## GIVEN DATA
*** Begin section ***
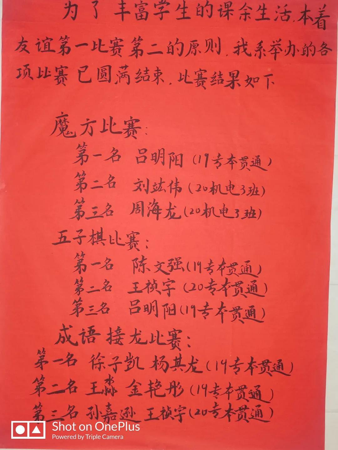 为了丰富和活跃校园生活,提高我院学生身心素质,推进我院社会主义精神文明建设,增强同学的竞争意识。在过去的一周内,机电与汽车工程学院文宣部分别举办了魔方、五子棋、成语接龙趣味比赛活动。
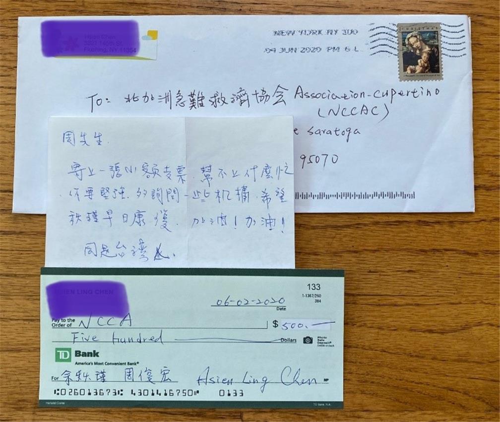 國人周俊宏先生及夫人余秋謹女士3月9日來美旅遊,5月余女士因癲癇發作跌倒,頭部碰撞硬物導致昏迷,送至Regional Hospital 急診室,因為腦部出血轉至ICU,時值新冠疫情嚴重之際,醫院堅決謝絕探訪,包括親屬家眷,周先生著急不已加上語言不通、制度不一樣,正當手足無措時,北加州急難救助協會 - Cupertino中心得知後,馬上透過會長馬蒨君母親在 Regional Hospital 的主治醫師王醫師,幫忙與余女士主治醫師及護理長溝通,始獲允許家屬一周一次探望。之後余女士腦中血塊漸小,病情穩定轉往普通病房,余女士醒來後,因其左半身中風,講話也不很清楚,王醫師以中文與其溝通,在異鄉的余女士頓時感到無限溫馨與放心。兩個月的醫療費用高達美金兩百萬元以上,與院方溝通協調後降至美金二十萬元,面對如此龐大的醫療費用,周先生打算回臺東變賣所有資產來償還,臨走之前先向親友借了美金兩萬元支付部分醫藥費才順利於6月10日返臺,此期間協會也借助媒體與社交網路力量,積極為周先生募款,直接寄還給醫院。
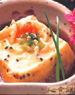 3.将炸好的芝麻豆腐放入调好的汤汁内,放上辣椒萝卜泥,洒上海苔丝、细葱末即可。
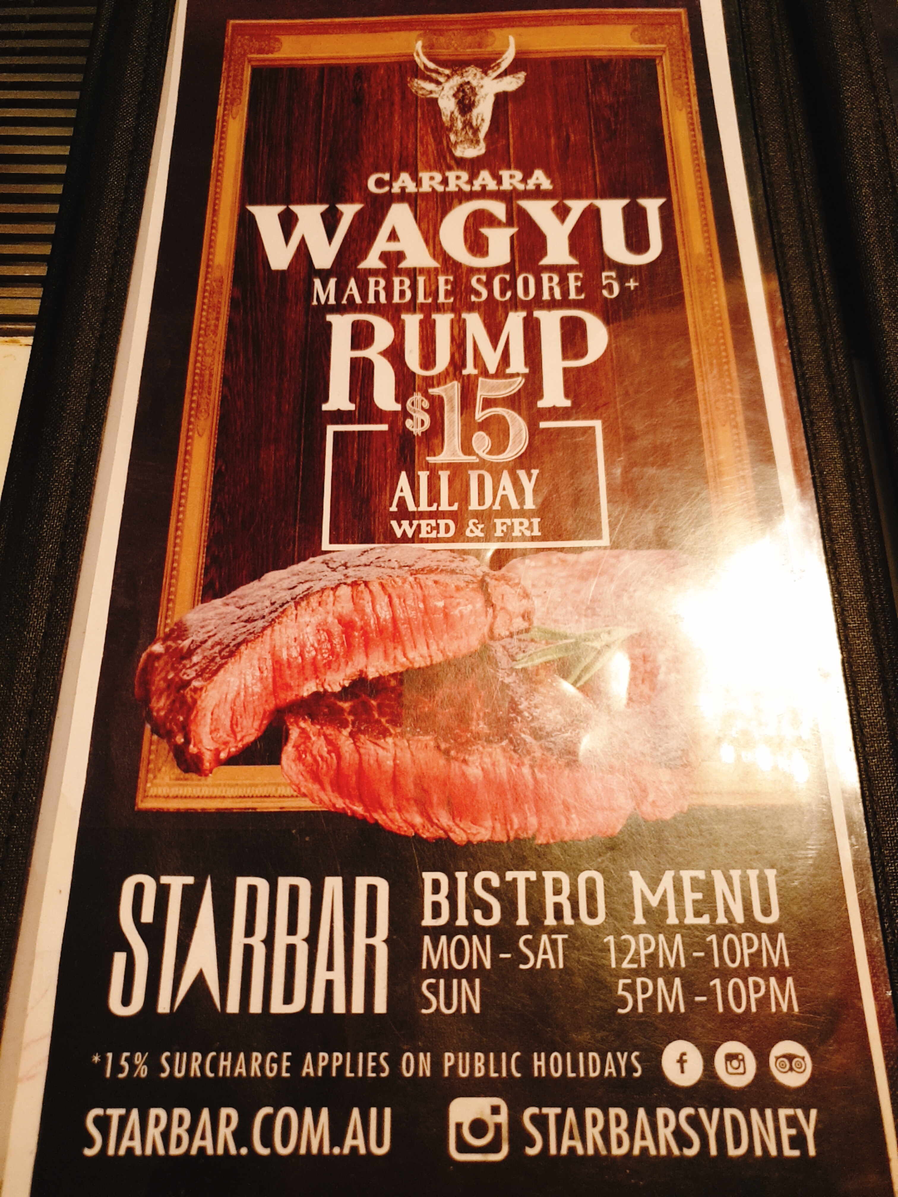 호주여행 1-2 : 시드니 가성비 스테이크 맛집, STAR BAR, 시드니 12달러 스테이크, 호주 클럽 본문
*** End section ***
*** Begin section ***
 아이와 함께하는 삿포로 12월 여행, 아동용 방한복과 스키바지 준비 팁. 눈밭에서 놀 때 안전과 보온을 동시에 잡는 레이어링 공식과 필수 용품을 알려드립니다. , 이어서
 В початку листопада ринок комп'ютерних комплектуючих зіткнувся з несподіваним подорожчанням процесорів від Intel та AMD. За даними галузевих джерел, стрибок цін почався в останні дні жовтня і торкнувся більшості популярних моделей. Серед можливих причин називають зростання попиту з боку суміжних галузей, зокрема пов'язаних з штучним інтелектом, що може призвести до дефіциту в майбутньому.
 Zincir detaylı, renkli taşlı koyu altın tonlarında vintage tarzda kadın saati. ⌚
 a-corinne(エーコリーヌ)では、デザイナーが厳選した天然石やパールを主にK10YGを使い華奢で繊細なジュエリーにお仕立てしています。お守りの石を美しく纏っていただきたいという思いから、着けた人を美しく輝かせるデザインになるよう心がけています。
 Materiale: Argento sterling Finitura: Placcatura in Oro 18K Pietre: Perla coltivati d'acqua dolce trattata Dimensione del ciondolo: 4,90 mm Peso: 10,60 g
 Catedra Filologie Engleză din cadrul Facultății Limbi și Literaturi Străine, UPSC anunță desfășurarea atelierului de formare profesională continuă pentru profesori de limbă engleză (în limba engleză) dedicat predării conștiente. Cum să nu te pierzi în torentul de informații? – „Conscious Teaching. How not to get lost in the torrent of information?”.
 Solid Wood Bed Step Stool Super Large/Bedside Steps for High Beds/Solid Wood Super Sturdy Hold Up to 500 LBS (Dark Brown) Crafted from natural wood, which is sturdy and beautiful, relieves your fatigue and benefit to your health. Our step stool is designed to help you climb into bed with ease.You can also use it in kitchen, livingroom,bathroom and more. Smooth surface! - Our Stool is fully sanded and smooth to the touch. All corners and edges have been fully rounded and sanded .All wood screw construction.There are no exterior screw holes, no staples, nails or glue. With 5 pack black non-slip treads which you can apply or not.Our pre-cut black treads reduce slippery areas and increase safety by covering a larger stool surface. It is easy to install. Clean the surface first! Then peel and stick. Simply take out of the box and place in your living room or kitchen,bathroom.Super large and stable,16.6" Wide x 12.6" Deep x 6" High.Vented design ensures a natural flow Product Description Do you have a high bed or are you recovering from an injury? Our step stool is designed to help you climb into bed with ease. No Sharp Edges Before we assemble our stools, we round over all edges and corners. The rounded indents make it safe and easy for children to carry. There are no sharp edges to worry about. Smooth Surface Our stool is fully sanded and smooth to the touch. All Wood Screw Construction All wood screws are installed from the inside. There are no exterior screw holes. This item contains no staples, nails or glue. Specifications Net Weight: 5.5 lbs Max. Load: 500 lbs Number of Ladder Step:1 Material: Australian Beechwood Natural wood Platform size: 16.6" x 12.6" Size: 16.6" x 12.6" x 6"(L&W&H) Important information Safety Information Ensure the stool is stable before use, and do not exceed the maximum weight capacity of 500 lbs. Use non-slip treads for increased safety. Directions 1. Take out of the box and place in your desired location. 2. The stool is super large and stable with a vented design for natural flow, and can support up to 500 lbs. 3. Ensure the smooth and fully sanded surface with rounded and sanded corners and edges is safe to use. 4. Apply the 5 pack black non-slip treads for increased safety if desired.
*** End section ***
## WORK REQUIRED
Give back precisely the lines above that start at the line containing "Materiale: Argento sterling" and end at the line containing "Catedra Filologie Engleză", inclusive. No other lines belong in the output.

## PROBLEM SOLUTION
 Materiale: Argento sterling Finitura: Placcatura in Oro 18K Pietre: Perla coltivati d'acqua dolce trattata Dimensione del ciondolo: 4,90 mm Peso: 10,60 g
 Catedra Filologie Engleză din cadrul Facultății Limbi și Literaturi Străine, UPSC anunță desfășurarea atelierului de formare profesională continuă pentru profesori de limbă engleză (în limba engleză) dedicat predării conștiente. Cum să nu te pierzi în torentul de informații? – „Conscious Teaching. How not to get lost in the torrent of information?”.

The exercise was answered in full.